Тшынский важно кивнул головой. Он считал себя человеком оригинального ума и любил повторять, что, когда слышит слово «культура», сейчас же проверяет, цел ли еще в кармане бумажник. Когда разговор зашел о Варшаве, он сказал, что успехи строительства здесь сильно раздуты рекламой.
– Рекламой? – искренно удивился Моравецкий. – Не понимаю! Что тут рекламировать? Достаточно пройтись по Новому Свету или Краковскому Предместью. А ведь еще недавно там стояли одни развалины.
Тшынский с усмешкой пояснил, что на Западе уже давно строят только из железобетона, а кирпич там стал таким же анахронизмом, как дилижанс.
– Там невероятно развита промышленность, и она снабжает строительство готовыми фабрикатами, – с апломбом объяснял он. – А наши здешние нормы и соревнование – это просто детская забава и шумиха, прикрывающая отсталость. Вот недавно приезжали в Варшаву бельгийские архитекторы – так они только головами качали, на все это глядя!
– Что за вздор! – вспылил Моравецкий и в сердцах отложил вилку. – Ведь на Западе строят до смешного мало! В западном секторе Берлина до сих пор ничего не восстановлено, кроме какой-то гостиницы для иностранцев! Какое мне дело до того, что американские монополисты строят себе дворцы из готовых фабрикатов! Зато у нас на Мирове в новых домах живут рабочие…
– Это ты, конечно, вычитал в «Жице Варшавы»! – фыркнул Тшынский. – Дорогой мой профессор, вижу, что и ты дал себе очки втереть.

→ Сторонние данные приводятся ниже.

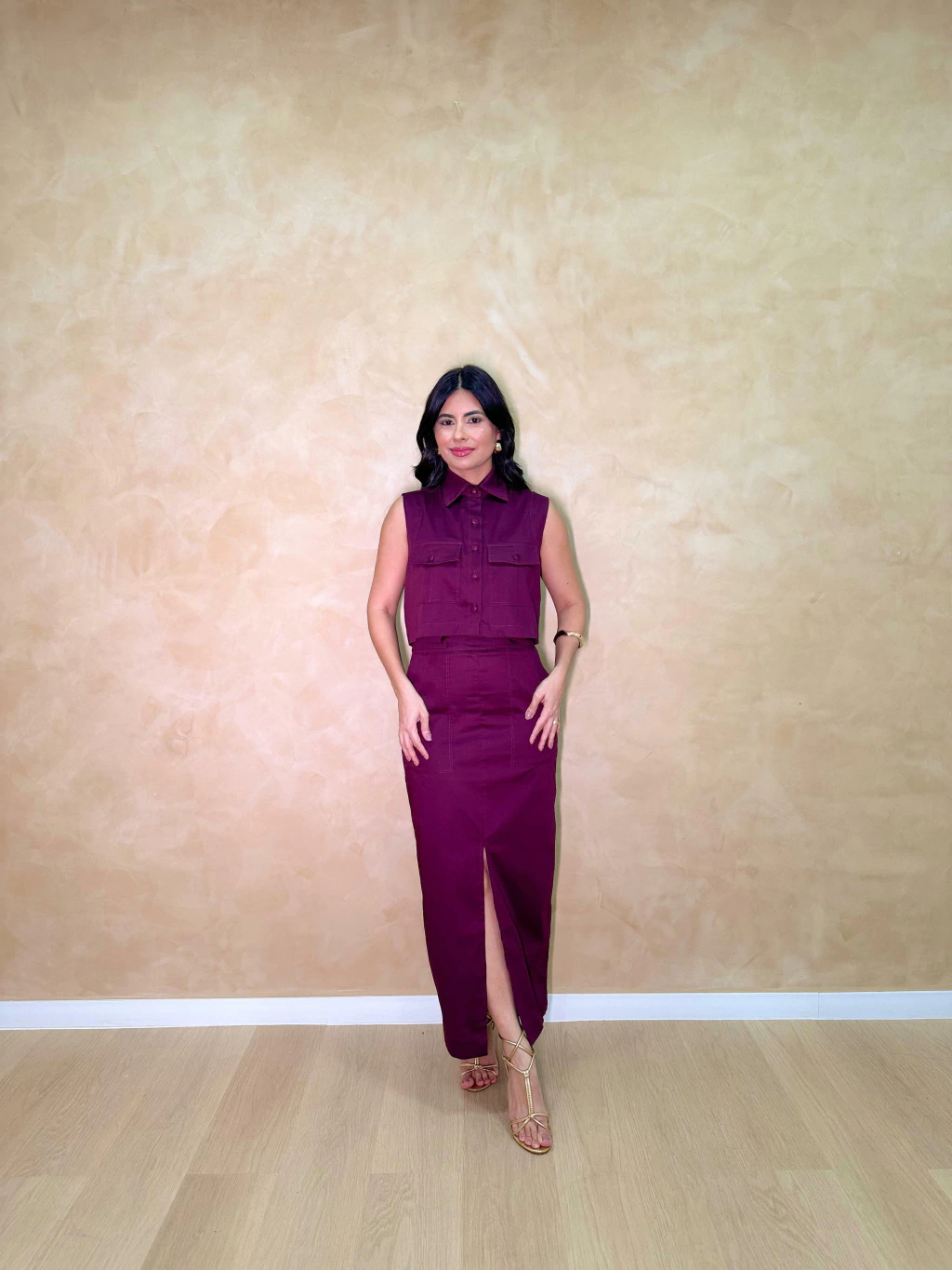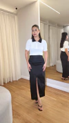 Saia modelagem reta e elegante, cintura alta fehamento por zíper na parte de trás, bolsos lateais fucionais, além de fenda central que garante sofisticação e mobilidade.

Рабочие! Хороша шутка! В этих ваших социалистических казармах угнездились чиновники бюрократического аппарата. А рабочие дохнут с голоду.
Моравецкий отодвинул свой стул и уставился на Тшынского сквозь сверкающие выпуклые стекла очков.
– Слушай, – сказал он. – Ты мне этих басен не повторяй! Среди моих учеников в школе есть мальчики из рабочих семей. Я знаю, где они живут и что они думают. Понятно? Знаю, с чем они приходят из своего дома. Это отличные ребята. Вот, к примеру, Збоинский, сын рабочего с завода имени Сверчевского. Или другой, Кузьнар, – его отец до войны был простой каменщик. И сколько у нас таких! Я их учу, понимаешь? И учусь у них. А твоя банковская карьера…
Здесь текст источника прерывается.